» Work item:
Your task is to repeat all of the data exactly while excluding the pictures.

» Data segment:

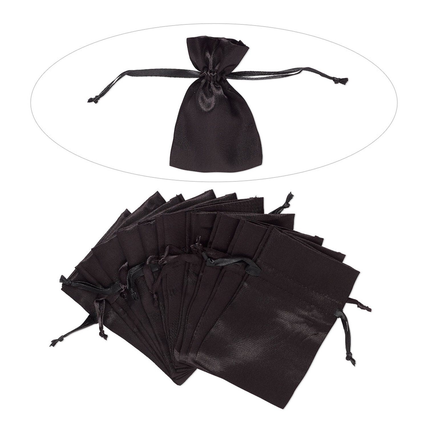Pouch, satin, black, 4-3/4 x 3 inches with drawstring closure. Sold per pkg of 10.
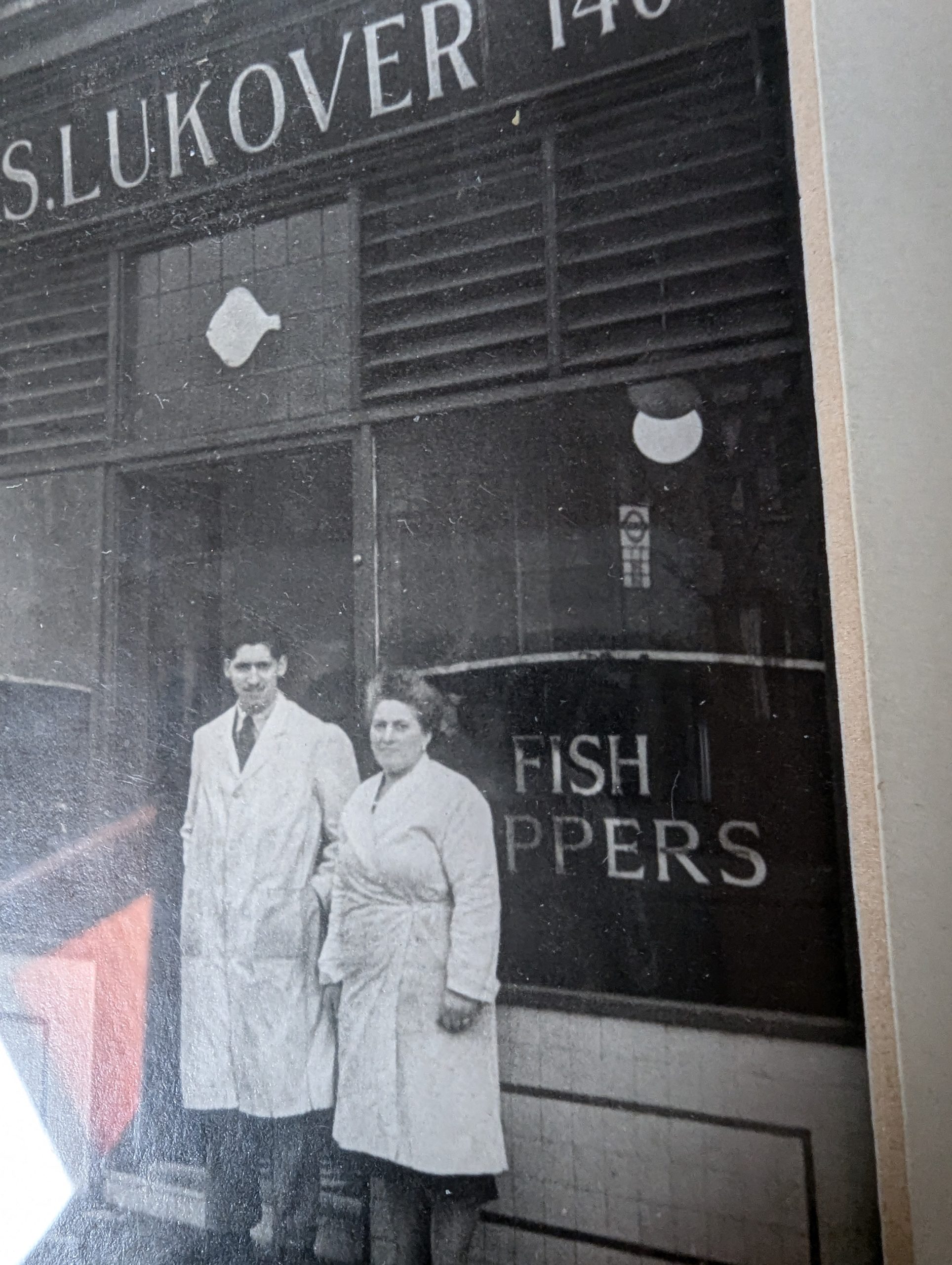 Rachel and Samuel immigrated to the UK in the 1920s. After marrying in Poland, the couple temporarily moved to Paris, where Samuel continued his craft as a shoemaker and thrived in the Parisian artistic cultural life. However, Rachel’s relatives urged them to come to England due to the rising dangers for Jews in Europe. Samuel eventually agreed and reluctantly left Paris and his craft behind. When the couple moved to London, Samuel joined the family fish business as a way to earn money, a field in which he remained through the rest of his professional life.
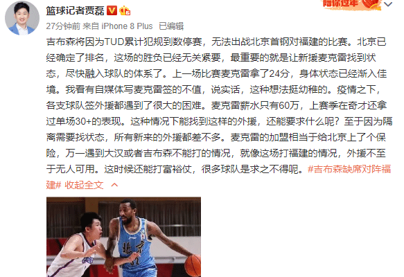 同时贾磊还表示麦克瑞是可以在关键时刻帮助到球队的,虽然队内有中锋汉密尔顿和超级得分手吉布森两位外援,但是当出现伤病等情况,北京首钢还有人可以用,在很多球队都出现伤病导致减员的情况下,这样的富裕仗是很多球队是求之不得。
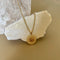 Verve 05 is a gold plated necklace with quiet drama and everyday ease. A twisted rope chain holds a round medallion, detailed with beaded rings and a smooth center cameo profile. Its warm, high-polish finish catches the light just right, giving your neckline a glow that feels refined and effortlessly personal.

» Exercise solution:
Pouch, satin, black, 4-3/4 x 3 inches with drawstring closure. Sold per pkg of 10.
 Rachel and Samuel immigrated to the UK in the 1920s. After marrying in Poland, the couple temporarily moved to Paris, where Samuel continued his craft as a shoemaker and thrived in the Parisian artistic cultural life. However, Rachel’s relatives urged them to come to England due to the rising dangers for Jews in Europe. Samuel eventually agreed and reluctantly left Paris and his craft behind. When the couple moved to London, Samuel joined the family fish business as a way to earn money, a field in which he remained through the rest of his professional life.
 同时贾磊还表示麦克瑞是可以在关键时刻帮助到球队的,虽然队内有中锋汉密尔顿和超级得分手吉布森两位外援,但是当出现伤病等情况,北京首钢还有人可以用,在很多球队都出现伤病导致减员的情况下,这样的富裕仗是很多球队是求之不得。
 Verve 05 is a gold plated necklace with quiet drama and everyday ease. A twisted rope chain holds a round medallion, detailed with beaded rings and a smooth center cameo profile. Its warm, high-polish finish catches the light just right, giving your neckline a glow that feels refined and effortlessly personal.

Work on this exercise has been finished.